1. Nestes autos de execução intentados (nomeadamente) contra a herança indivisa de A, representada pela cabeça-de-casal B, veio a ser penhorado um imóvel, a fls. 110.
Na sequência dessa penhora, a cabeça-de-casal afirmou que o imóvel pertence a C e D (provavelmente filhas do falecido e da cabeça-de-casal).
A partir daí, vêm as três, directamente, deduzir inúmeros requerimentos tentando obstar, sucessivamente, à manutenção da penhora, à venda do imóvel, à sua adjudicação ao comprador (1).
2. No que interessa ao presente recurso, recorde-se que, a fls. 258, as ora recorrentes vieram arguir nulidade processual, por não lhes ter sido notificado o requerimento de fls. 184-185, e por se ter realizado a venda do imóvel com base num montante exequendo errado.

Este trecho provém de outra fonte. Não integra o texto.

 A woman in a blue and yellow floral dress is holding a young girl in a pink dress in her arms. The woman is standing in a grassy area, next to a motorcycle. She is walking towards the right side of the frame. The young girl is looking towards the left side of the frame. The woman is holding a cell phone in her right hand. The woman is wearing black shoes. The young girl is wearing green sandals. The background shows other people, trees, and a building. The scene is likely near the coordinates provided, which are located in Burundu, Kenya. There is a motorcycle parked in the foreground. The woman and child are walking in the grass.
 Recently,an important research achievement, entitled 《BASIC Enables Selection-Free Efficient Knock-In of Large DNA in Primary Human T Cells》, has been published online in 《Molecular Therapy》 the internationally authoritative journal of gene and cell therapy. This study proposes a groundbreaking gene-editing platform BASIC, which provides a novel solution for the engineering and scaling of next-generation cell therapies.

Por despacho de fls. 265, julgou-se improcedente a arguição de nulidade.
Este despacho foi notificado às partes por cartas expedidas a 15.09.2000, segundo cota a fls. 270 (2).

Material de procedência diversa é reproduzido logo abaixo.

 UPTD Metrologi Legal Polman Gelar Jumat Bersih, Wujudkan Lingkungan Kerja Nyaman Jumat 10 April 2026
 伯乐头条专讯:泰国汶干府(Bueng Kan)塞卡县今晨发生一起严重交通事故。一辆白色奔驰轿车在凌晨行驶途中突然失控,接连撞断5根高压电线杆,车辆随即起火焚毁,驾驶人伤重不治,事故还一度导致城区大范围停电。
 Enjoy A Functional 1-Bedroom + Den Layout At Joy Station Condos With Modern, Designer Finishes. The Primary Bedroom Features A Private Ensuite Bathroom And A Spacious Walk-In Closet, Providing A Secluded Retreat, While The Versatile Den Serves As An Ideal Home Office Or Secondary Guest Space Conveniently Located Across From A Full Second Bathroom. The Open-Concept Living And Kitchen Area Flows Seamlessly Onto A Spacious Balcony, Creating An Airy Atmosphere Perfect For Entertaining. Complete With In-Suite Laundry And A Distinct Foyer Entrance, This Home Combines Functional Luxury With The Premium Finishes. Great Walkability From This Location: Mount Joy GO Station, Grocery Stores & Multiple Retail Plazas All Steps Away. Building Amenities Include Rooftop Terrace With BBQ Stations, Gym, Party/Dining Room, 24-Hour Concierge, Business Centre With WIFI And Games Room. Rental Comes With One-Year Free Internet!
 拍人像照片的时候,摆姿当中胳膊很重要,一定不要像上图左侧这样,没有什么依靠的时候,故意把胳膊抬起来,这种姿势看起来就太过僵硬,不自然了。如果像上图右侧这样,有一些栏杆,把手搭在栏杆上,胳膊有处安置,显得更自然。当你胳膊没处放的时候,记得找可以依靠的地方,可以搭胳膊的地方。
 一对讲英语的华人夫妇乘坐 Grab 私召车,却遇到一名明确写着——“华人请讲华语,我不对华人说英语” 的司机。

3. Por requerimento a fls. 273, entrado em juízo a 02.10.2000, com carimbo dos correios de 29.09.2000, vieram as ora recorrentes interpor recurso de agravo do despacho proferido a fls. 265. Aí invocaram que o requerimento era apresentado tempestivamente, pois a notificação daquele despacho só teria sido recebida a 19.09.2000, requerendo se oficiasse aos CTT no sentido de informarem a data da entrega da carta. Chamaremos a este o recurso n.º 1.
Por despacho proferido a fls. 312, mandou-se a secretaria proceder à liquidação da multa devida, por ter o prazo terminado a 28.09.2000, mais se dizendo que não é o tribunal que tem que produzir prova de que o notificado apenas o foi em data posterior à presumida, mas antes o próprio notificado.

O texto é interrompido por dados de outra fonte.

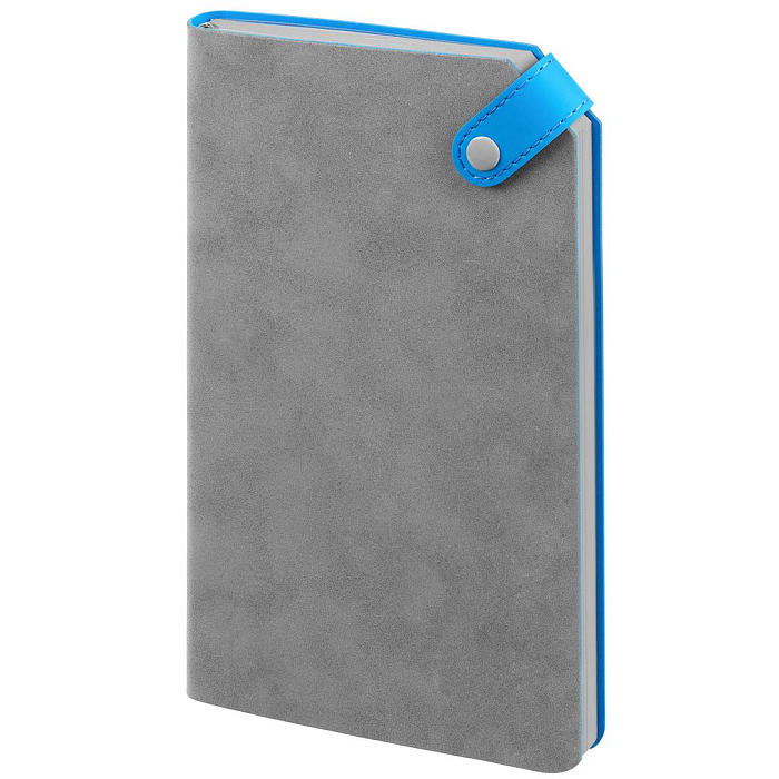 Ежедневник с гибкой обложкой, выполнен из материала Nubuck, серый СС и Soft Touch Ultra, голубой, дополнен серым ляссе и хлястиком на кнопке.
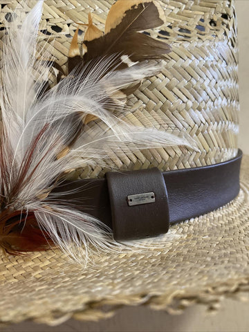 NWT $895 Saint Laurent Straw Cowboy Hat With Leather and Feathers Brown XL
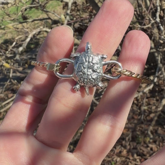 Coast Walker - Fine Silver Turtle Brass Bracelet - Handmade Artisan Jewelry
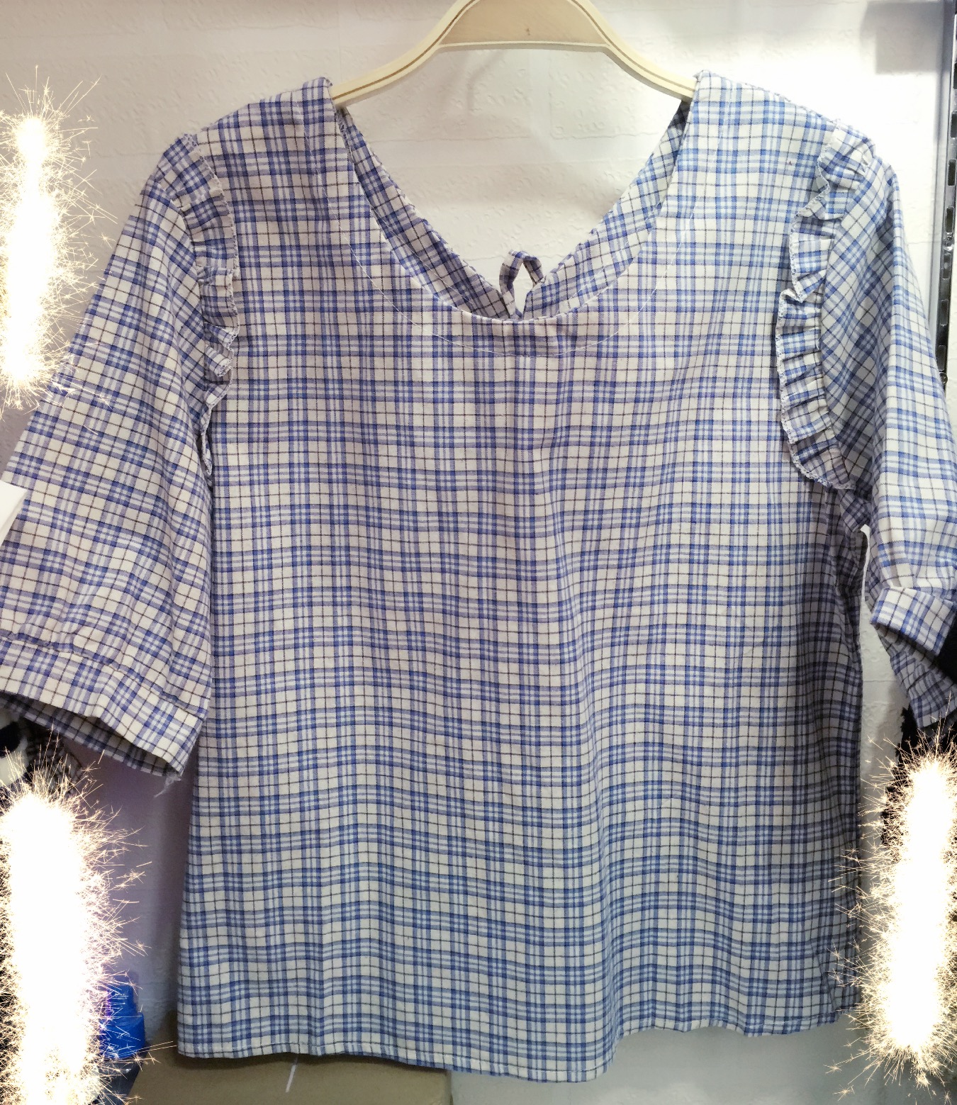 <br> <br> 格子木耳边中袖绑带上衣,15<br>

A fls. 317 foi interposto recurso deste despacho de fls. 312 - recurso n.º 2.
A fls. 320 foi proferido despacho a determinar o cumprimento do despacho a fls. 312 (liquidação), nada se dizendo quanto aos recursos entretanto interpostos.
4. A fls. 322, as ora recorrentes vêm dar conta de que não foi proferido despacho a receber o recurso que interpuseram do despacho de fls. 312.
O mesmo virão afirmar a fls. 346, e nas alegações para esta STJ.
A fls. 326 é proferido despacho onde se declara que, não tendo sido paga a multa a que alude o artigo 145º do CPC, perderam as recorrentes o direito a praticar o acto (recurso de fls. 273).
Recorrem elas deste despacho, por requerimento de fls. 328 - recurso n.º 3.
Este recurso vem a ser admitido a fls. 345.
5. No acórdão recorrido foi conhecido este último agravo, entre outros que agora não interessa referir. No acórdão, também é o agravo identificado como sendo o n.º 3 (Fls. 390).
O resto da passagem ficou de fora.